Open the spec sheet of a top-end AI training server — a DGX or HGX H100 SXM box, or one of the OEM clones — and you will find two networks you did not expect to find on a server.
Inside the box, eight GPUs are wired to each other through something called NVLink, not the PCIe slots you would normally expect to carry a GPU’s traffic. Between boxes, the cluster runs over InfiniBand or a carefully tuned variant of Ethernet — never the same boring 10/25/100G fabric the rest of the data center uses.
The obvious question is: why? PCIe is the universal interconnect. Ethernet runs the entire internet. They are both fast, both standardized, both cheap. Why does training one neural network require building two extra networks on top?
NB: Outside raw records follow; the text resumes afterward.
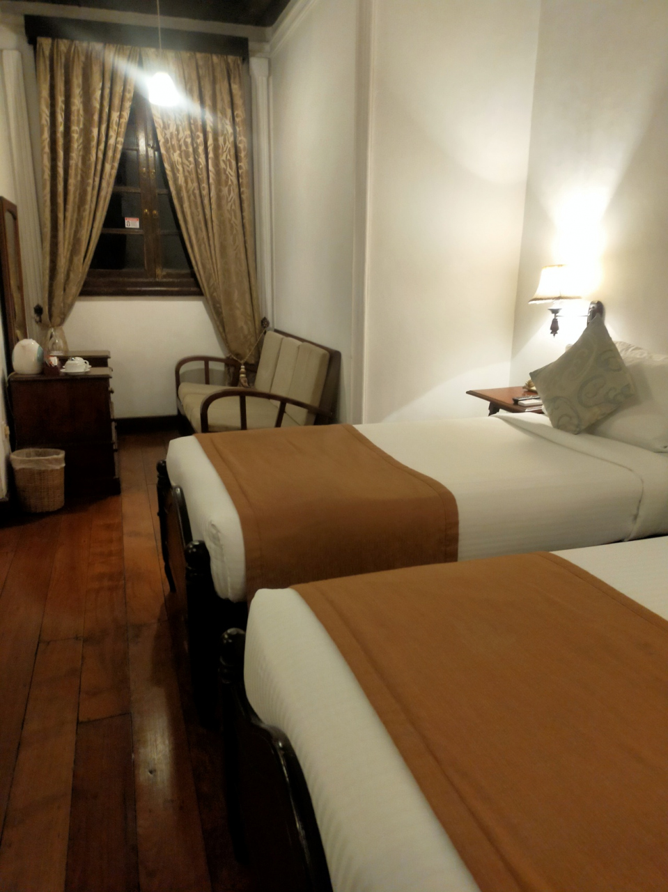 仏歯寺、キャンディ湖にも近く、エリザベス女王も泊まった伝統あるコロニアル調のホテルですが、シャワーはぬるく、湯量も弱く、設備的には・・・ただエレベーターや部屋にある家具は木製でアンティーク感があり、ホテル自体も世界遺産です。レストランは夕食時、朝食時も賑わっており、歩いて数分の所にスーパーもありました。
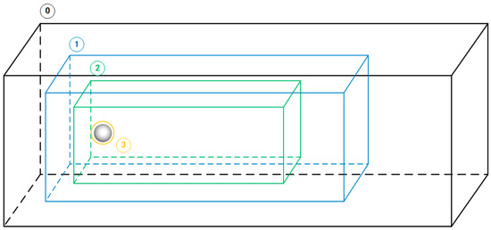 where represents the distribution function from the coarse grid to the fine grid through time and space interpolation. is the time increment ratio between adjacent coarse grids and fine grids. The bar symbol indicates the need for spatial interpolation [49]. The design of the LBM process designed in this paper applying the grid-refinement method is shown in the Figure 4. Its evolution process within one time iteration step uses a loop structure instead of a recursive structure for the programming scheme. Figure 5 shows the evolution of the DC method for the three-layer grid LBM. The code implementation of a multi-layer grid LBM can be based on a geometric subdivision hierarchy of computational domains [41,50]. This structure facilitates the implementation of parallel computing. Based on the experimental content of this study, the hierarchy can be divided from bottom up into the following elements [51]:
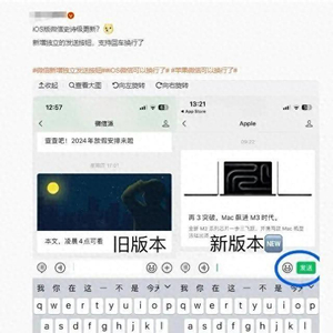 10月31日,iOS版本微信更新了8.0.43版本,新增了一个换行按钮。
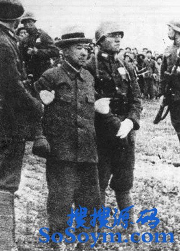 • 南京大屠杀刽子手谷寿夫被执行枪决(图中所示的编号是押送谷寿夫的三名国军士兵。)

The honest answer is that training a frontier model is one of the strangest networking workloads ever invented. Every few hundred milliseconds, every GPU in the cluster has to stop, sum its results with every other GPU, and only then can it take the next step. There is no “fast path” and “slow path” — the slowest link in the cluster sets the training speed for everybody. PCIe and ordinary Ethernet were designed for traffic that averages out. AI training is traffic that has to synchronize. Those are different problems, and they need different hardware.
Why it matters now
If you write software, you probably never touch NVLink directly. But almost everything you’d care about downstream is shaped by it.
- Cluster cost. A surprisingly large slice of a frontier-training bill is interconnect, not silicon. Networking gear, optics, switches, and cables make up a non-trivial fraction of an AI data center’s capex — though I don’t have a single citable number that holds across Meta, Microsoft, xAI, and the rest, since the breakdowns aren’t public.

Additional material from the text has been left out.